ONE WITH SINNERS TO SAVE THEM FROM SIN

"YOU ARE MY BELOVED SON,
WITH YOU I AM WELL PLEASED."

This is what John proclaimed: “One mightier than I is coming after me. I am not worthy to stoop and loosen the thongs of his sandals. I have baptized you with water; He will baptize you with the Holy Spirit.”

It happened in those days that Jesus came from Nazareth of Galilee and was baptized in the Jordan by John. On coming up out of the water he saw the heavens being torn open and the Spirit, like a dove, descending upon him. And a voice came from the heavens, “You are my beloved Son; with you I am well pleased.”


The history of mankind up to Jesus Christ was mostly a sad sequence of sins and deeply rooted forms of moral perversion. It started with Adam and Eve. Then the situation became ever worse, to the point that God seemed to have no choice but to “purify” the earth through a devastating flood. (See Gn 6-9.)

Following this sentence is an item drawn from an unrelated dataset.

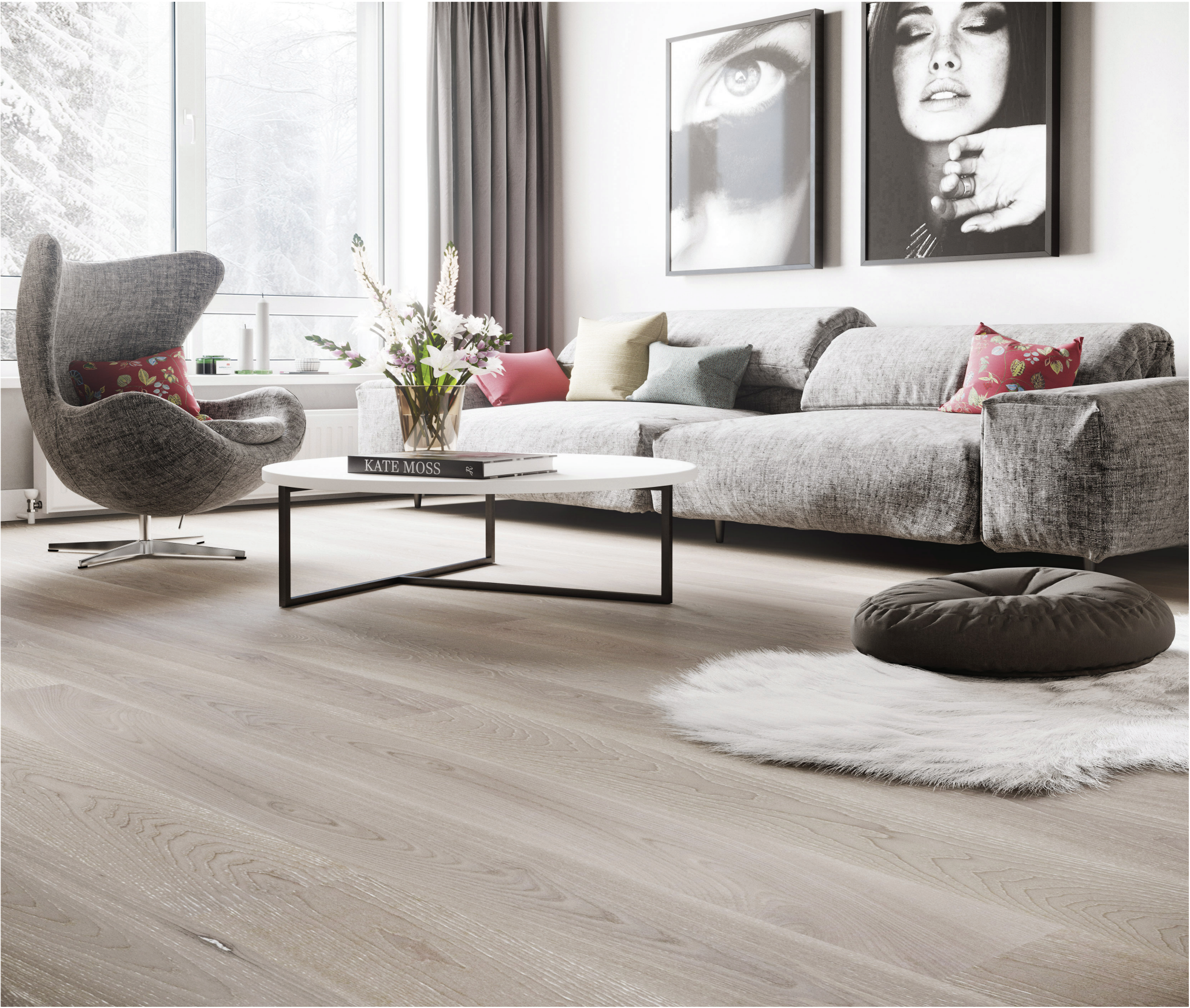
1 Strip Ash Elegant Dune White Pores 2B Extra Matt Lac Gloss 5% #9034

But even that catastrophic event did not solve the problem, for the inclination to sin was deeply imbedded in the heart of every human being, as the behavior of the youngest son of Noah and the episode of the tower of Babel showed. (See Gn
9:22 and 11:1-4.)

So God ultimately planned to remedy that hopeless situation by establishing that a descendant of Abraham would be the obedient “Servant-Son” who would undo all the wrongs done by men through the centuries. Jesus of Nazareth, as God’s incarnate Son, was this long-awaited Savior.

But why did this sinless Messiah have to undergo the humiliating experience of queuing up with sinners in order to receive John’s “Baptism of Repentance”? Because this also was part and parcel of His mission as “Savior of the world.”

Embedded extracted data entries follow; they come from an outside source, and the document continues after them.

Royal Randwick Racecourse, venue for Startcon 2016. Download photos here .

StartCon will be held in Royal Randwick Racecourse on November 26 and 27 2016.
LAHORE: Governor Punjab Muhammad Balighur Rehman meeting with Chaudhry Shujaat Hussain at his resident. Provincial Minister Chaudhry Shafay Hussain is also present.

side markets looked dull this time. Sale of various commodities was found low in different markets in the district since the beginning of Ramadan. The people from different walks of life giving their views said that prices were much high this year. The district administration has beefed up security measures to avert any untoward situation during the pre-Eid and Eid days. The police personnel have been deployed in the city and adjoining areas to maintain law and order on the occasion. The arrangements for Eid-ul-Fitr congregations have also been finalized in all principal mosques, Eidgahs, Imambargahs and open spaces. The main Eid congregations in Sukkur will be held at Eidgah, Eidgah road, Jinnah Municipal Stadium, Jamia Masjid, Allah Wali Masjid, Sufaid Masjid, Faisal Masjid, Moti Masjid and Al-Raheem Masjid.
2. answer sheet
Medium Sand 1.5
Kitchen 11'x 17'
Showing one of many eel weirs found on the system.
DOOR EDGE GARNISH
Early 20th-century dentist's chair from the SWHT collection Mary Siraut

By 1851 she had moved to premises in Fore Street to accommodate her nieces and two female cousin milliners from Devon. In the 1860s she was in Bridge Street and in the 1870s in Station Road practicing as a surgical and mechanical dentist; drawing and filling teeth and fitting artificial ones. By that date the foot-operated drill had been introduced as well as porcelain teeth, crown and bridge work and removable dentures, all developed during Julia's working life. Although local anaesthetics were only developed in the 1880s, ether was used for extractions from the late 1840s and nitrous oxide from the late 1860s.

Jesus knew that His mission was to save all
sinners from the slavery of Satan and to reinstate them in the freedom of God’s children. He knew that God’s plan to save sinners required that He should take their sins upon Himself and carry such a crushing weight up to Calvary. Jesus knew all this. And he said “Yes.”

Such mission started in the stable of Bethlehem, but it was in the waters of the Jordan that Christ’s role as “Cross Bearer” of mankind was formally announced by the “Voice” who identified him with the Servant who was to deliver his people through his ignominious death. (See Is 53:12.)

It was on that occasion that Jesus, in the sight of everybody, joined the crowd of sinners who were receiving the Baptism of Repentance from John. It was also on that occasion that God (the “voice from heaven”) declared: “This is my beloved Son. My favor rests on him” (Mt 3:17). That was when his formal “investiture” as “Servant-Son” took place.

Jesus accepted all this in all freedom, with unwavering love, in humble obedience to the will of the Father. And that’s why the Father was well pleased with him. (See v. 17.) He will likewise be pleased with us if we, too, like Jesus, are totally dedicated and determined in fulfilling God’s plan for us.